*** Provided entries Section Begins ***

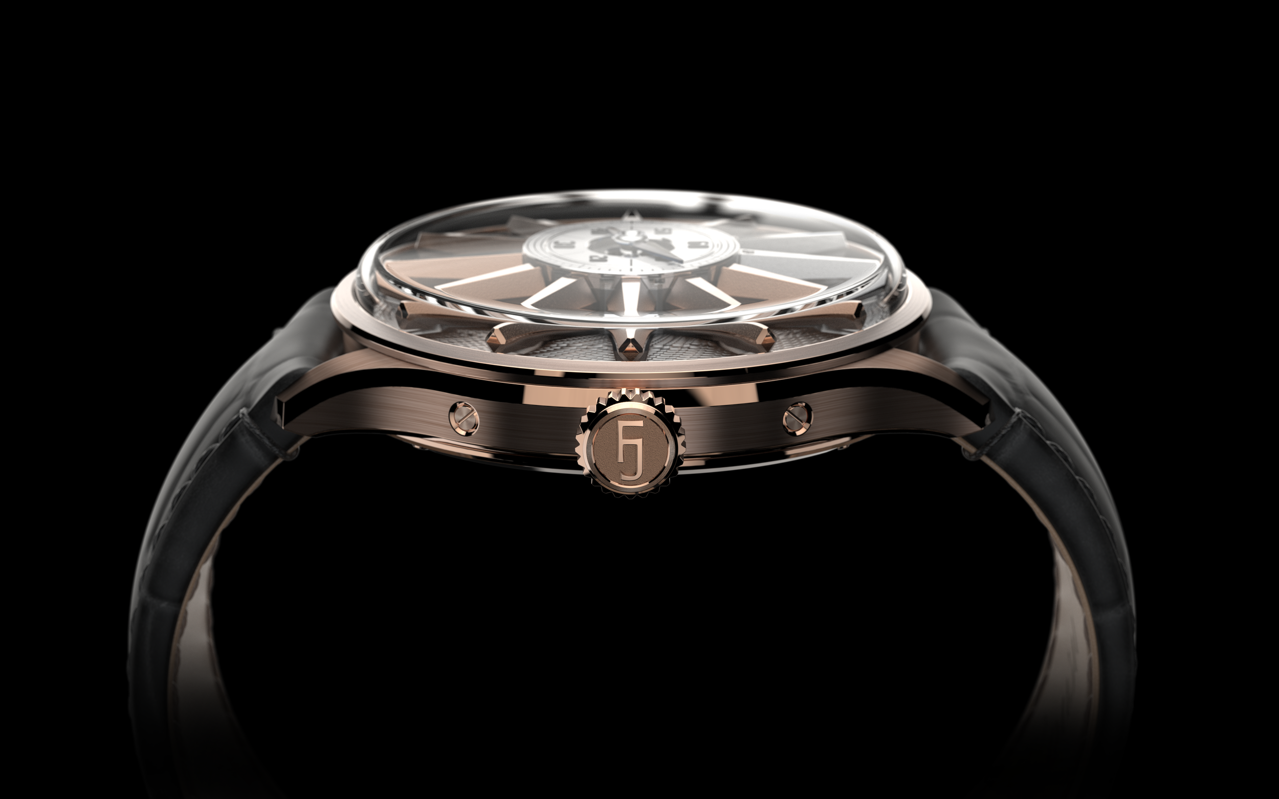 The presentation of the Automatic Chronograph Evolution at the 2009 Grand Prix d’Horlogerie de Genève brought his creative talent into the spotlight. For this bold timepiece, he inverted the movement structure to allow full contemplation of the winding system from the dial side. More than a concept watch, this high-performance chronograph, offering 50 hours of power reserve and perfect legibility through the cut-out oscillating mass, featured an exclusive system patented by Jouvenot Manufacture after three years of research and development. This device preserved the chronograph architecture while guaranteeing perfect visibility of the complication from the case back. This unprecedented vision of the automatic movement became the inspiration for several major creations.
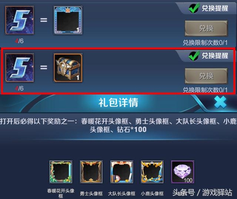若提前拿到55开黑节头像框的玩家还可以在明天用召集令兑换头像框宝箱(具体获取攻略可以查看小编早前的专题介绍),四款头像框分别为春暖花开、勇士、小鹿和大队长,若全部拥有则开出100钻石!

*** Provided entries Section Ends ***
*** Provided entries Section Begins ***

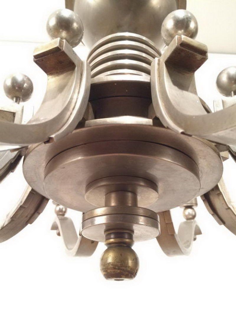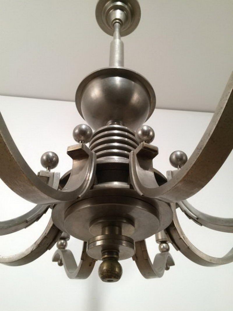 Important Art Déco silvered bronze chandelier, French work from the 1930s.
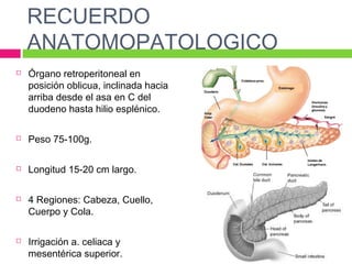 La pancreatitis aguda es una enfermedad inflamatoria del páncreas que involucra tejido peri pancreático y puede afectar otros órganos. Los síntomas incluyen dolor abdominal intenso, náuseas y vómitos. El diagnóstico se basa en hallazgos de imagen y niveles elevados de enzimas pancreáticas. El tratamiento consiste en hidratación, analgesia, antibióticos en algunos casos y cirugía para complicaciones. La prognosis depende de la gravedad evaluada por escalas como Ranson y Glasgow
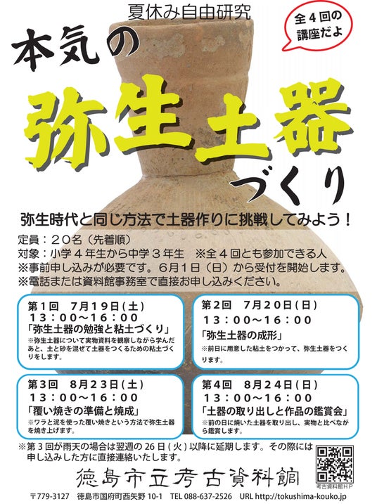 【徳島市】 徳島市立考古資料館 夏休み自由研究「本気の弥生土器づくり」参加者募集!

*** Provided entries Section Ends ***
*** Provided entries Section Begins ***

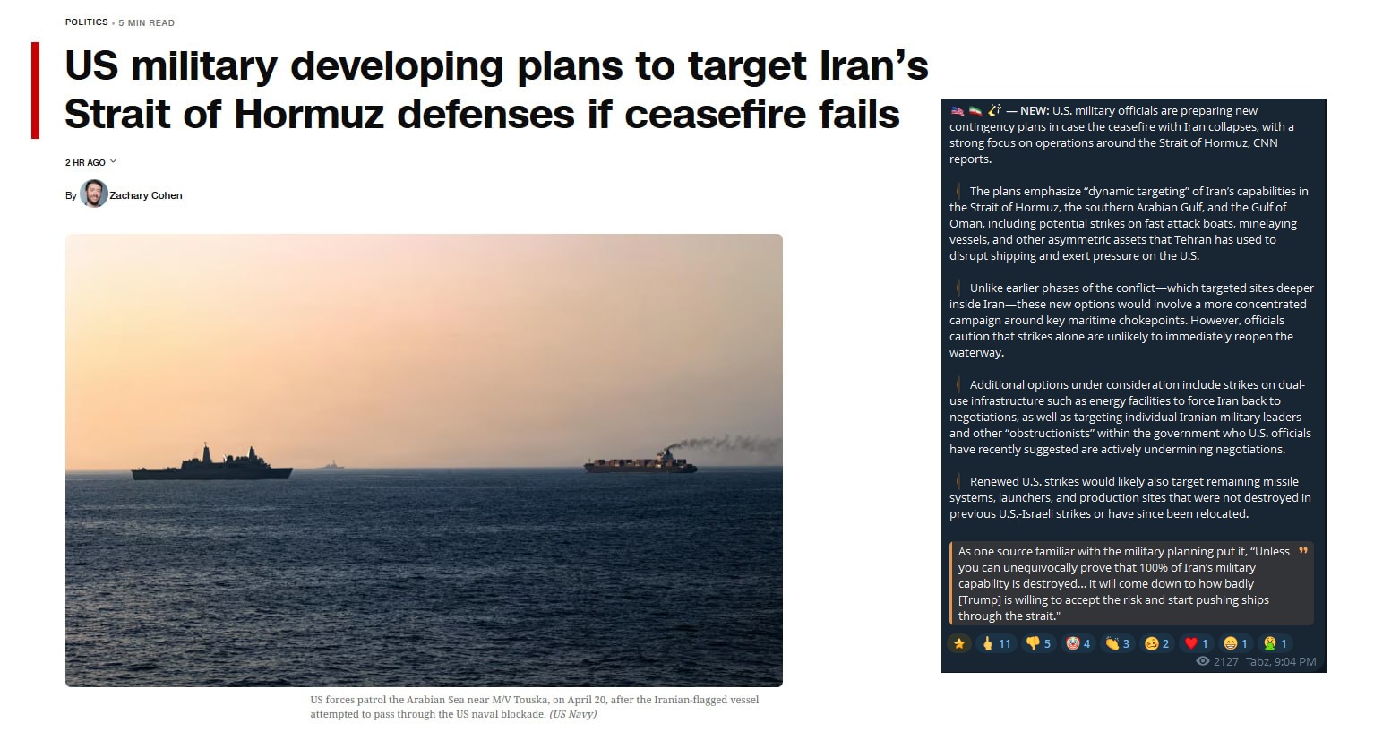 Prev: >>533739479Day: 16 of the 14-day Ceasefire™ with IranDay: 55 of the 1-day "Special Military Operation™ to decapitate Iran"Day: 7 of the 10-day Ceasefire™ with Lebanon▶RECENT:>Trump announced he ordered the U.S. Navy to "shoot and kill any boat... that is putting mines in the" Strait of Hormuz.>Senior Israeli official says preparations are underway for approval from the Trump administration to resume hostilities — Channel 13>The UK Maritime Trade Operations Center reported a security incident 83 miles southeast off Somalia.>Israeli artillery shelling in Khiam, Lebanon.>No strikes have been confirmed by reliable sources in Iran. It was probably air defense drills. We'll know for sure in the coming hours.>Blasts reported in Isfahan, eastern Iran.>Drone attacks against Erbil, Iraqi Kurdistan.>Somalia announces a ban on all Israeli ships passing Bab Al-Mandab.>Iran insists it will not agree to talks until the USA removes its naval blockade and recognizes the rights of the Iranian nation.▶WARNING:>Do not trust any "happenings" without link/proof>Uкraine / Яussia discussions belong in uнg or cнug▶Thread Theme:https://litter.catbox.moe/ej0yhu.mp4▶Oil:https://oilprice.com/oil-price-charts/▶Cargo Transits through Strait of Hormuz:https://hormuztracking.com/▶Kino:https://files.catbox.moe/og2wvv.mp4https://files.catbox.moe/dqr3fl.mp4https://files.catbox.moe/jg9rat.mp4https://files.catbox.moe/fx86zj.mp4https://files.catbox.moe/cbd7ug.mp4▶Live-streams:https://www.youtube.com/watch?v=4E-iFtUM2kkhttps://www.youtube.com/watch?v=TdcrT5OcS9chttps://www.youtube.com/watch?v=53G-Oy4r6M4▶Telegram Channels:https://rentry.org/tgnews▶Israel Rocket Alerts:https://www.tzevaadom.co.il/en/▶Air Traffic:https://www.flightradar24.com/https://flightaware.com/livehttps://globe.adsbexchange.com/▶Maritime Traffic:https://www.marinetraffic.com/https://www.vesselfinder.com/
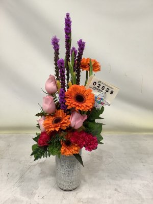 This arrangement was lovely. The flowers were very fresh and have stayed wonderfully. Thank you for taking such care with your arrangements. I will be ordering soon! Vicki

*** Provided entries Section Ends ***

For this exercise, set down the lines in the entries above from the one with "The presentation of" through the one with "若提前拿到55开黑节头像框的" exactly as written, without any pictures.

Exercise solution:
 The presentation of the Automatic Chronograph Evolution at the 2009 Grand Prix d’Horlogerie de Genève brought his creative talent into the spotlight. For this bold timepiece, he inverted the movement structure to allow full contemplation of the winding system from the dial side. More than a concept watch, this high-performance chronograph, offering 50 hours of power reserve and perfect legibility through the cut-out oscillating mass, featured an exclusive system patented by Jouvenot Manufacture after three years of research and development. This device preserved the chronograph architecture while guaranteeing perfect visibility of the complication from the case back. This unprecedented vision of the automatic movement became the inspiration for several major creations.
若提前拿到55开黑节头像框的玩家还可以在明天用召集令兑换头像框宝箱(具体获取攻略可以查看小编早前的专题介绍),四款头像框分别为春暖花开、勇士、小鹿和大队长,若全部拥有则开出100钻石!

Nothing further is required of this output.